Quadratic relations of BMI with depression and brain volume in children: Analysis of data from the ABCD study.
Academic Article
Overview
abstract
BACKGROUND: Weight-related health conditions and depression peak during adolescence and show relations with brain structure. Understanding how these conditions relate to each other prior to adolescence may guide research on the co-development of unhealthy weight conditions (both underweight and overweight) and depression, with a potential brain-based link.
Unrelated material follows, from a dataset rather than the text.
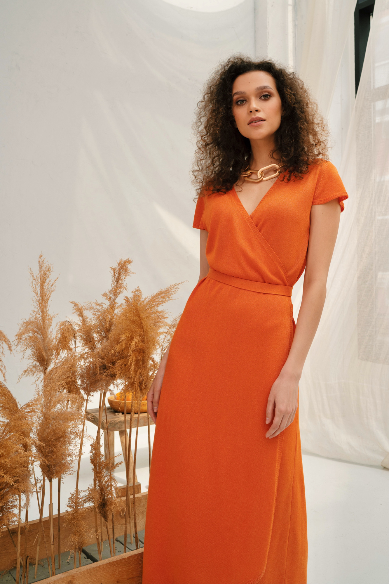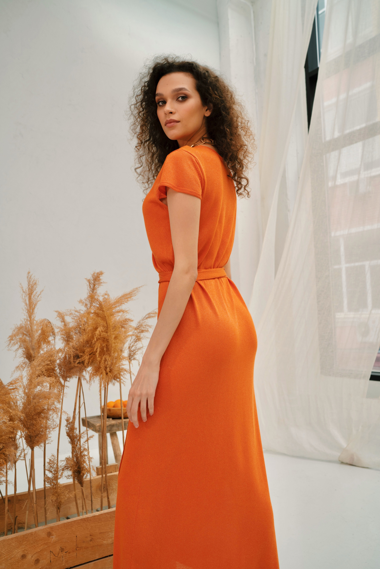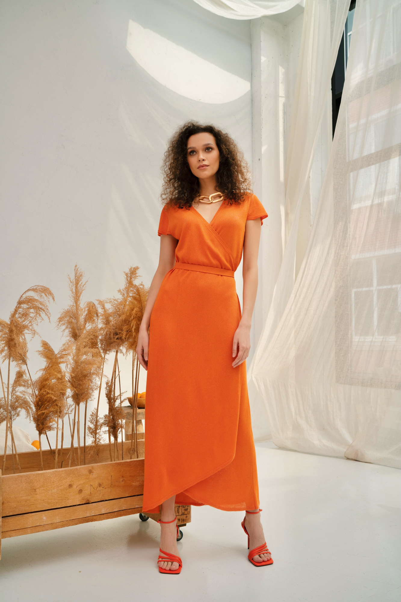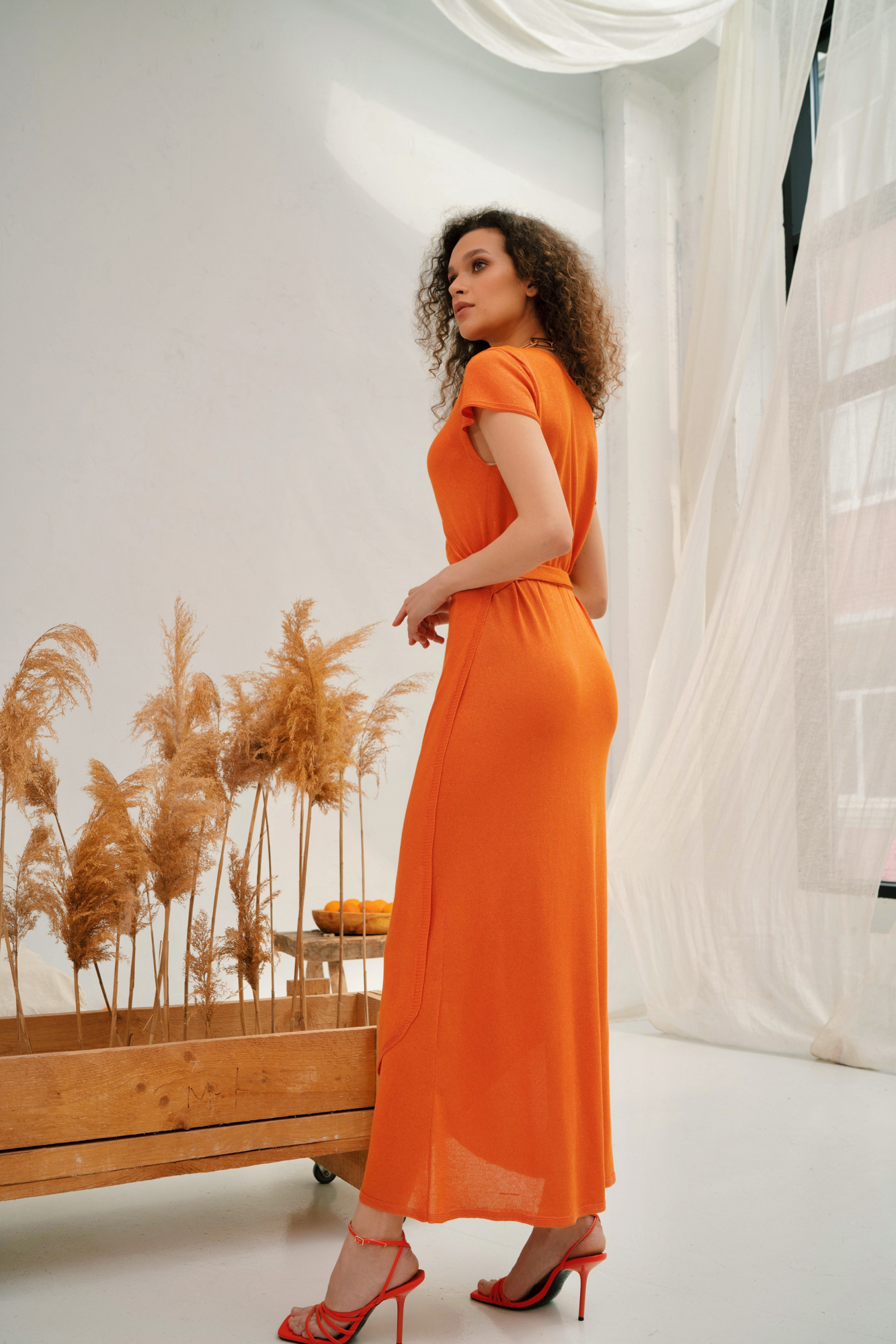 Лёгкое трикотажное платье станет прекрасным спутником летних дней. V-образный вырез идеально подходит для объёмных аксессуаров, а асимметричный край юбки добавляет образу элегантности.

This study examines the cross-sectional relations between body mass index (BMI), depressive symptoms, and brain volume (total and regional) to determine whether BMI has a linear or quadratic relation with depressive symptoms and brain volume and how depressive symptoms and brain volume are related. METHODS: Cross-sectional study using structural magnetic resonance imaging, height and weight to calculate BMI z-scores, and Child Behavior Checklist withdrawn depression scores. Data were from the Adolescent Brain Cognitive Development Study, collected at 21 sites across the United States from 11,875 9- and 10-year-old children recruited as a national sample. Mixed models were used to examine the linear and quadratic effects of BMI z-score on both brain volume (total and regional) and withdrawn depression scores, as well as the relations between brain volume and depression scores. Intracranial volume, age, sex, race, site, and family were included in the models as covariates. RESULTS: Overall, BMI z-scores showed a quadratic relation with brain volumes and depressive symptoms. When including intracranial volume as a covariate, regional volumes investigated did not follow the same global pattern of effects except for right hippocampus and left lateral orbitofrontal cortex. Total brain volume was negatively related to depressive symptoms. CONCLUSIONS: Links between depressive symptoms and low or high weight could improve our understanding of brain structural differences in depression. These findings also emphasize the importance of including the full spectrum of BMI from underweight to overweight and testing for nonlinear effects in models.